----- Dataset excerpts -----

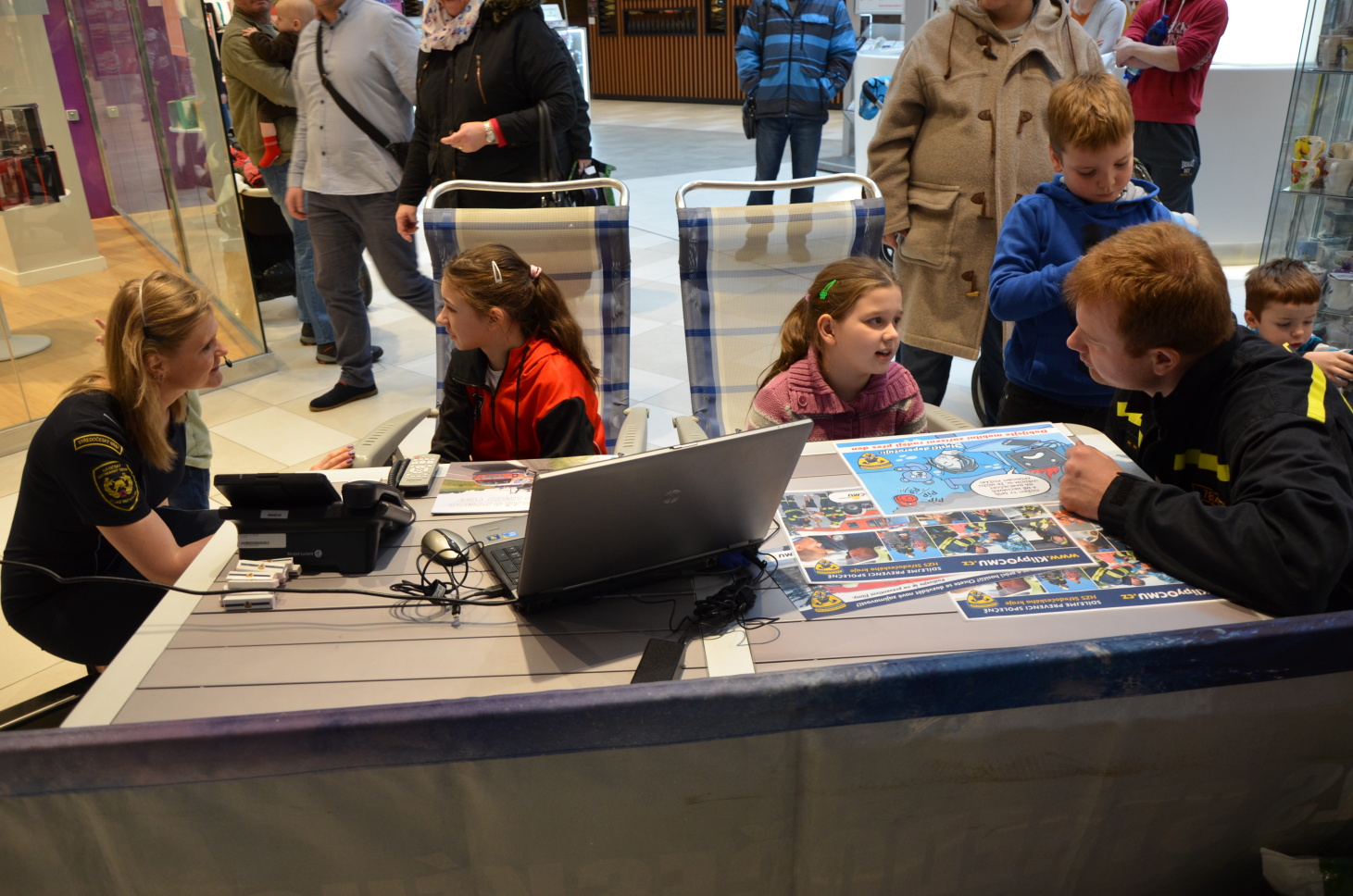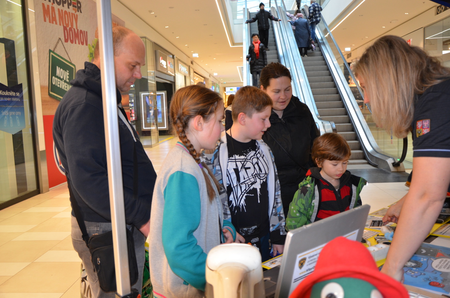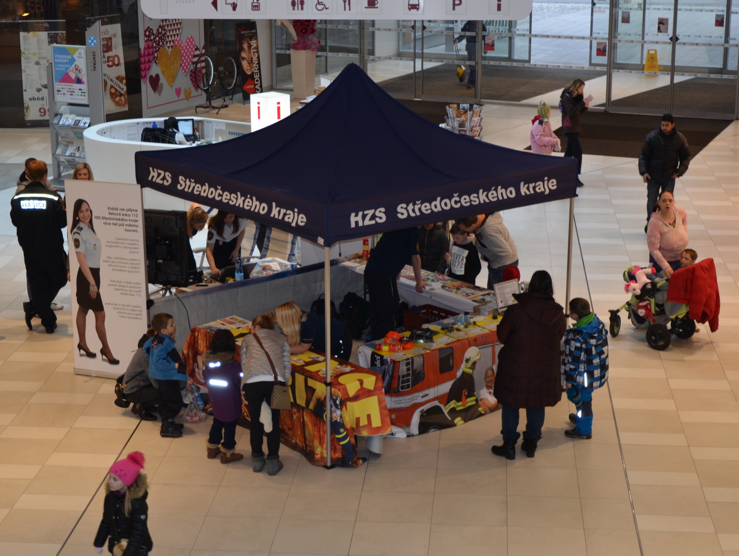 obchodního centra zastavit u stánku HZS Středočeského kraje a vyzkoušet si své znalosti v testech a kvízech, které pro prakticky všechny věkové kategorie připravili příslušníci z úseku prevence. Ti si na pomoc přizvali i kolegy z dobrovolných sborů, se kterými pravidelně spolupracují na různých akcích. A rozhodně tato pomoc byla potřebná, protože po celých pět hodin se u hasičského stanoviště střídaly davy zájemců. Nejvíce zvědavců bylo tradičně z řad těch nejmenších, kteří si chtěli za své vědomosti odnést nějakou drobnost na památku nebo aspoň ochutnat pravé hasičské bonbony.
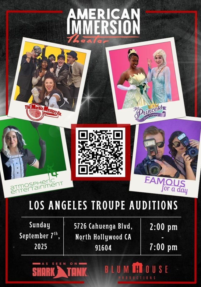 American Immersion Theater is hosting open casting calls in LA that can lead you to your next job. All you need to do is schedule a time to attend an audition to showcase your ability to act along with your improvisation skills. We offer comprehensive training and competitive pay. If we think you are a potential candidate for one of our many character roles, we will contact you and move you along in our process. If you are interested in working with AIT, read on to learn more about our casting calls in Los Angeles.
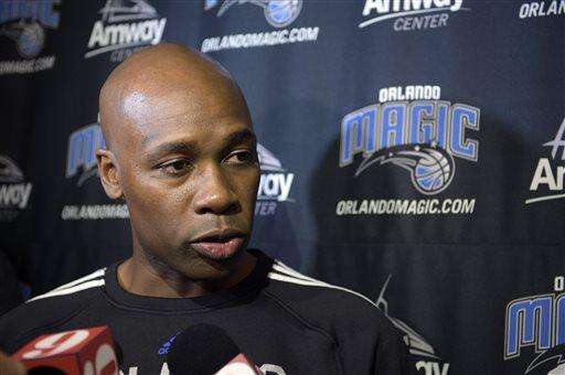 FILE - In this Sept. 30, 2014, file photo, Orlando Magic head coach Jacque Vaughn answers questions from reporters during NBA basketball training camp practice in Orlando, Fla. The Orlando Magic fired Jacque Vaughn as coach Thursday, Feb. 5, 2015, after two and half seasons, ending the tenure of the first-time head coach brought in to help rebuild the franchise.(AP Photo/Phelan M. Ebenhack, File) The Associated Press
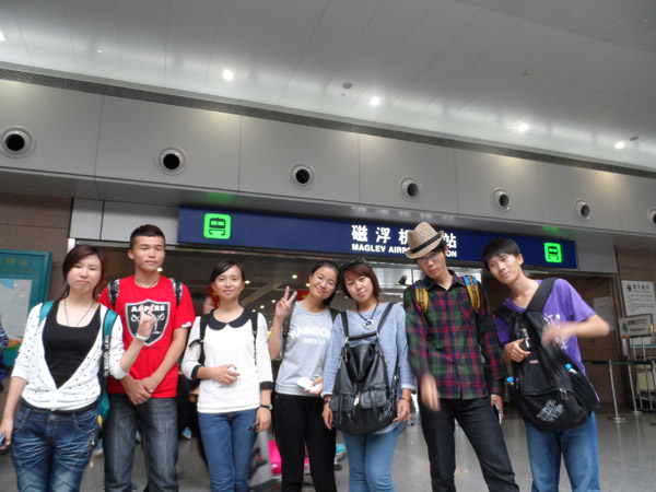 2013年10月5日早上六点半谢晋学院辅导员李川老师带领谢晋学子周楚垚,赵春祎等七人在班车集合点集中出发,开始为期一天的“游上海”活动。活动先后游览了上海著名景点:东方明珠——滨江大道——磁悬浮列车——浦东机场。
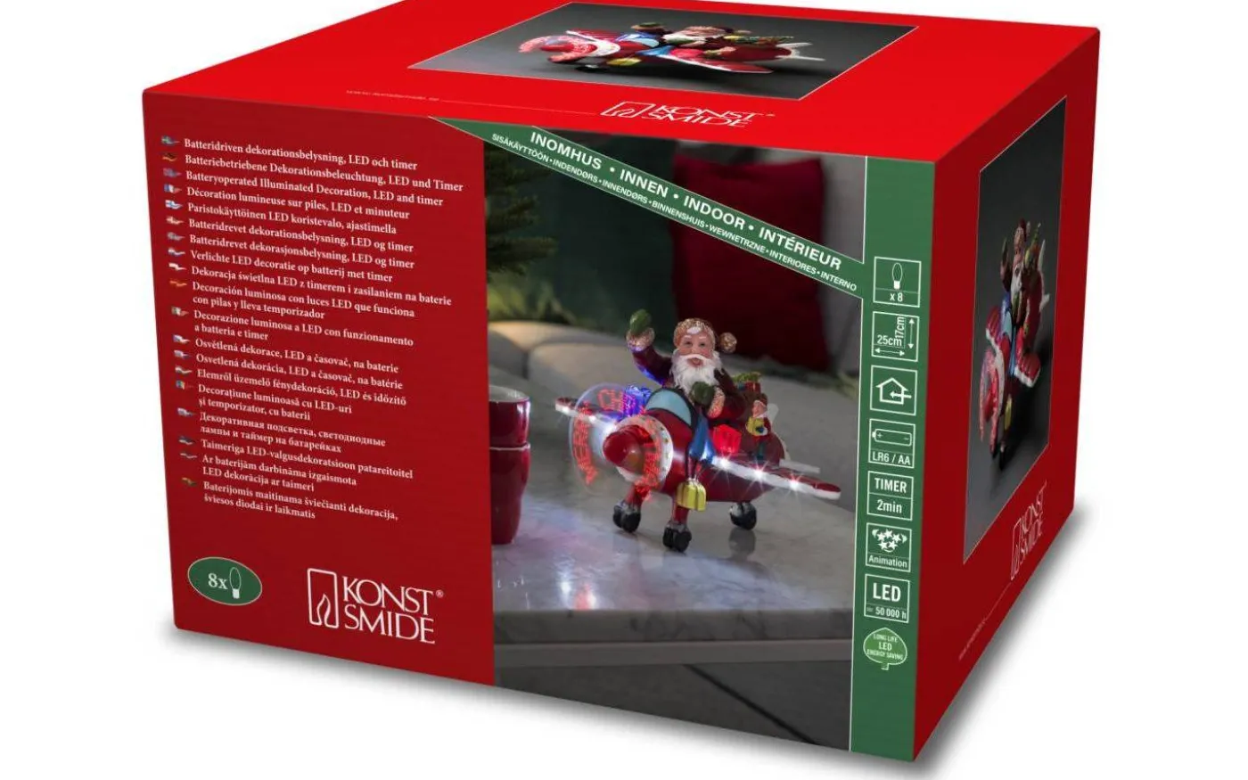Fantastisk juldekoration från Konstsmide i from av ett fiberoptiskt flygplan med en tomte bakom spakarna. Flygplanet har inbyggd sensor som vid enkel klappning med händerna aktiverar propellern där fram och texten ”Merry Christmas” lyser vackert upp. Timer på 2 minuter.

-----

Task directions: Output exactly, and only, the lines running from the line containing "2013年10月5日早上六点" to the last line of the entries above, omitting the pictures.

Expected answer:
 2013年10月5日早上六点半谢晋学院辅导员李川老师带领谢晋学子周楚垚,赵春祎等七人在班车集合点集中出发,开始为期一天的“游上海”活动。活动先后游览了上海著名景点:东方明珠——滨江大道——磁悬浮列车——浦东机场。
Fantastisk juldekoration från Konstsmide i from av ett fiberoptiskt flygplan med en tomte bakom spakarna. Flygplanet har inbyggd sensor som vid enkel klappning med händerna aktiverar propellern där fram och texten ”Merry Christmas” lyser vackert upp. Timer på 2 minuter.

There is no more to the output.